Others in Illinois have formed their own groups in Illinois to combat waste, fraud and abuse by public officials, including a coalition in Morgan County that has managed to bust several bureaucrats there.

“They’re replicating the model,” Mr. Allen said. “We’re excited to see them step up and have success.”

Edgar County Watchdogs, now rebranded as Illinois Leaks, has also spurred state media to action. Mr. Allen said Chicago Tribune reporters have told him his and Mr. Kraft’s work has “forced them to do a better job and do it faster.”

Messrs. Kraft and Allen came together in 2011, discussing each other’s bureaucratic woes at a candidate’s dinner. Mr. Kraft had asked to film a school graduation so he could sell the video and learned that someone else was hired for the job without public discussion. Mr. Allen, the volunteer fire chief in the town of Kansas, learned that a dispatcher didn’t instruct the parents of a baby having trouble breathing on CPR techniques. He investigated and learned the 911 call center hadn’t certified its dispatchers in CPR techniques in the past six years, as is required by law.

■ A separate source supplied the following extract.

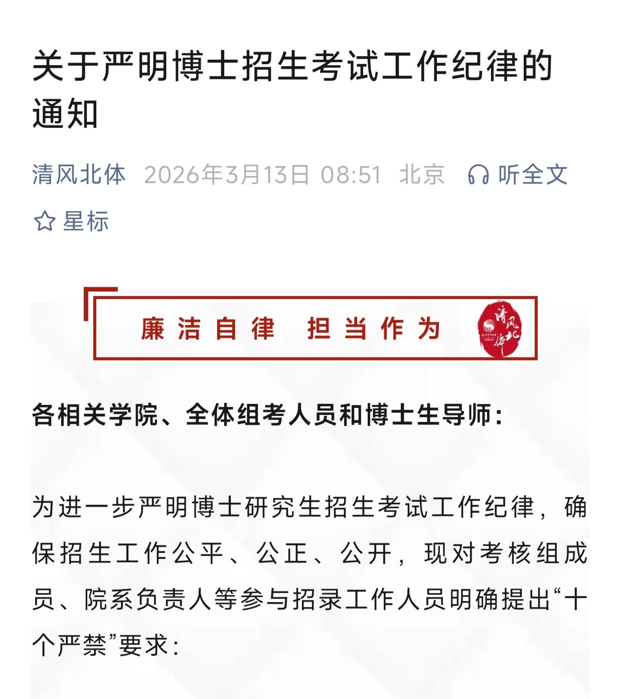 3月13日,“清风北体”发布“关于严明博士招生考试工作纪律的通知”。

Further investigation there determined that taxpayer money was used for everything from pizza parties to gambling. Messrs. Kraft and Allen created their website and started investigating, using Freedom of Information Act (FOIA) requests to uncover a fount of bureaucratic blunders.

“In Edgar County, the public officials hate to see us come in the door,” Mr. Kraft said.

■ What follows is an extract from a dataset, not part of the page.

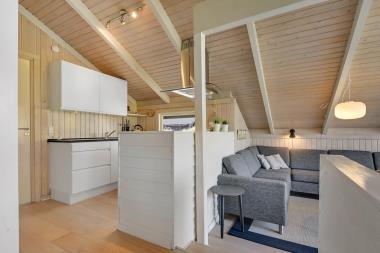 86 m2 stort, moderne træhus til max. 6 personer og med 4 soverum (1DS, 1DS, 1DS, 1ES). Opholdsstuen, som er forsænket i forhold til køkken og spiseafdeling, er med komfortable møbler og Smart-TV med digitalt TV og Chromecast så der mulighed for streaming af TV / radio / Apps, så har du en mobiltelefon eller et andet device med kan du streame hvad du nu har abonnement, radio/DVD/CD-afspiller. Sæt dig i sofaen og tænd op i brændeovnen og lyt til din yndlings-CD og brændeovnens knitren og nyd udsigten til klitterne. Godt indrettet køkkenafdeling med alle tænkelige hjælpemidler bl.a. opvaskemaskine, komfur med keramiske kogeplader, emhætte, mikroovn og køle-fryseskab. Køkkenet er kombineret med opholds-/spisestuen. Huset har installeret varmepumpe, som gør det energibesparende. Ekstra opbevaringsrum lige ved hovedindgangen. Badeværelse med bruser, toilet, håndvask og vaskemaskine samt gulvvarme. Barnestol.  Ikke ryger hus. Husdyr ikke tilladt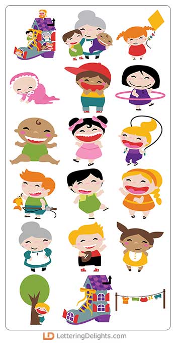 Our take on a classic nursery rhyme, these adorbable kids and loving mother are perfect for scrapbooking, mother's day, nursery decor and more!

After a year focusing on Edgar County, Messrs. Kraft and Allen expanded into other counties and now cover a wide swath of Illinois.

“It’s morphed into a full-time operation,” Mr. Allen said. “When demands from other areas came in, we realized we could spend more than 80 hours a week and not touch all the tips that come in.”

Illinois Leaks has seen some big hits that have helped launch federal investigations — from uncovering questionable spending at the College of DuPage to Auditor General Frank Mautino’s possible campaign fund malfeasance.

Their work earned them the State Policy Network’s Vernon K. Krieble Unsung Hero Award for 2016, given to citizens who make a significant contribution to the preservation of freedom.

The check for $25,000, like the funds that are donated to Messrs. Kraft and Allen through their website, will go toward filing lawsuits in an effort to hold officials accountable.

“I never dreamed I’d be filing lawsuits as a former Air Force mechanic and fire chief,” Mr. Allen said.

But he and Mr. Kraft use the legal system to hold officials’ feet to the fire, including Mr. Mautino and his staff.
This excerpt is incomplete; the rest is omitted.